Flights resuming at Heathrow; apology to passengers from airport boss
The airport has been closed all day after a power outage due to a major fire at a nearby electricity substation
Last updated 21st Mar 2025
Flights will resume at Heathrow Airport on Friday evening (21 March) as its chief executive apologised to stranded passengers and defended the response to an "unprecedented" loss of power caused by a substation fire.
Thomas Woldbye described the blaze which knocked out an electricity substation in Hayes in the early hours of Friday as "as big as it gets for our airport" and that "we cannot guard ourselves 100%".
He also said that a back-up transformer failed and power supplies had to be restructured to restore electricity enough to power what is described as a "mid-sized city".
The west London airport initially announced it would be closed until 11.59pm but later said repatriation flights and a handful of British Airways long-haul flights would resume Friday evening.
It is expected to run a full schedule on Saturday.
Around 200,000 passengers have been affected by the closure of what is Europe's busiest airport.

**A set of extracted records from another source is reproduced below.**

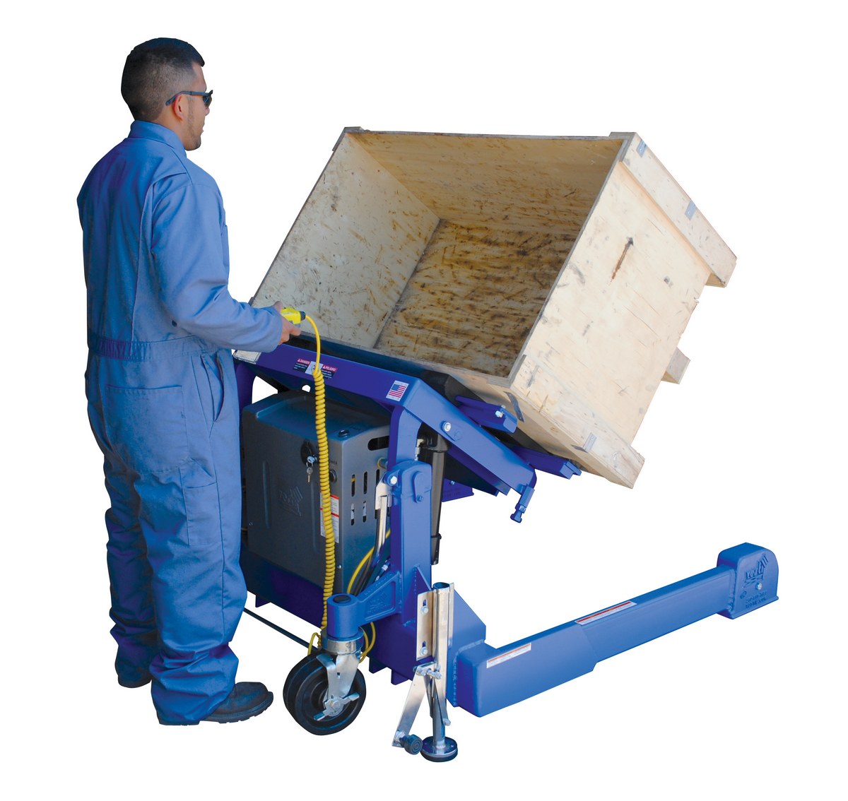 Steel Tilt Master Straddle DC Powered 12 Volt 2,000 Lb. Capacity BlueThe tilt master straddle lifts and positions filled tote boxes or baskets without the need of a fork truck or lift table using the newly designed heavy-duty tilt master. The tilter will function as transporters by moving completed products from work station to work station without waiting for a fork truck. This lift has a thin profile to allow the user to get as close to the load as possible. It also has a standard floor lock and rolls easily on the phenolic steering wheels. Lift is designed to be used with virtually any kind of container or pallet. The unit is powered by a DC electric motor that includes an on-board battery charger and battery charge indicator
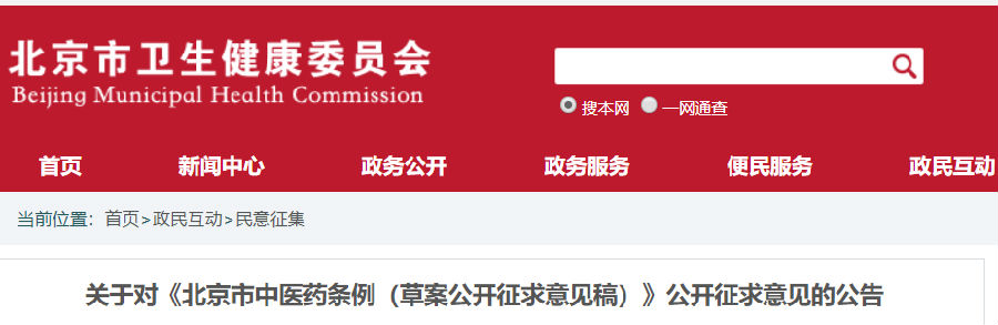 近日,北京卫健委发布“关于对《北京市中医药条例(草案公开征求意见稿)》(以下简称《意见稿》)公开征求意见的公告”。
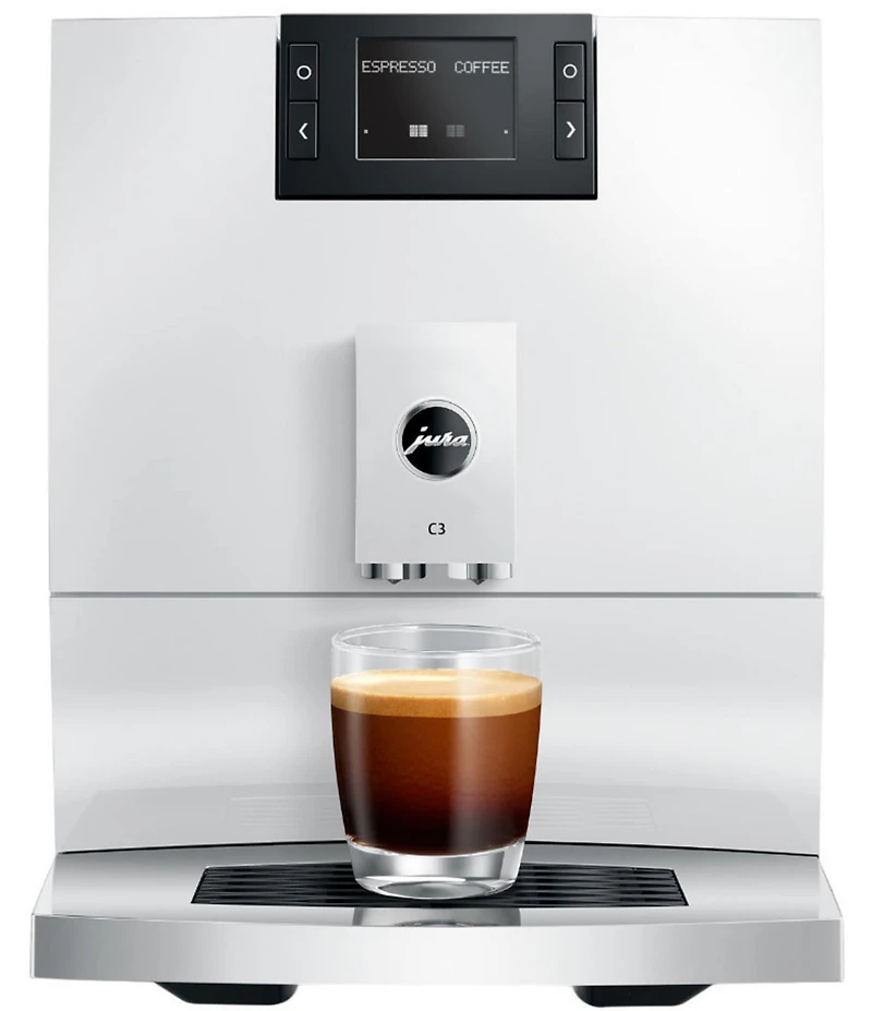 C3 Powerful yet compact, the C3 is designed for those who savor the essence of coffee in its most authentic form. Equipped with a full-size brewing unit and JURA s Professional Aroma Grinder (P.A.G.), it prepares black coffee specialties with rich flavor and complex aromas in every cup. The innovative Pulse Extraction Process (P.E.P. ) optimizes extraction time, delivering barista-quality espresso with a dense, velvety-soft crema, from mild to strong. For added convenience, the C3 features a dual-cup function, which prepares the selected beverage in two cycles, making it easy to share the perfect brew. Inspired by JURA s premium segment, the C3 echoes the timeless wave design on the convex-concave front panel, wave-inspired water tank and a chrome cup grille. Ideal for kitchens of any size, the C line is JURA s most compact footprint, measuring 10.2 x 12.8 x 17.2 in. These design elements allow coffee enthusiasts to enjoy the visual sophistication of JURA s luxury models in the premium economy class. Ease of use is central to the C3 experience. Its intuitive Easy Control Panel is operated with just four buttons, streamlining the brewing process without compromising quality. 4 pure-coffee specialties: Espresso, 2 x Espresso, Coffee, and 2 x Coffee Easy Control Panel with text display for intuitive operation Professional Aroma Grinder guarantees ideal grinding results Intelligent Pulse Extraction Process (P.E.P.®) Intelligent Water System (I.W.S.) with RFID technology automatically detects the CLEARYL Smart+ water filter Dual cup function for preparing specialties in two cycles Timeless, compact design inspired by top-of-the-range wave design Compatible with Wi-Fi Connect V2 for use with J.O.E.® (JURA Operating Experience) app Wi-Fi Connect V2 is not included with the purchase of C3 Measuring Approx. 10.2 x 12.8 x 17.2 in Imported

Mr Woldbye said: "I'd like to stress that this has been an incident of major severity. It's not a small fire.
"We have lost power equal to that of a mid-sized city and our backup systems have been working as they should but they are not sized to run the entire airport."
Asked if there is a weak point in Heathrow's power system, he said: "You can say that but of course contingencies of certain sizes we cannot guard ourselves against 100% and this is one of them.
"This has been a major incident. I mean, short of anybody getting hurt, this is as big as it gets for our airport and we are actually coming back quite fast I would say, when you consider the amount of systems that we have to shut down then bring back up and make sure that they're safe."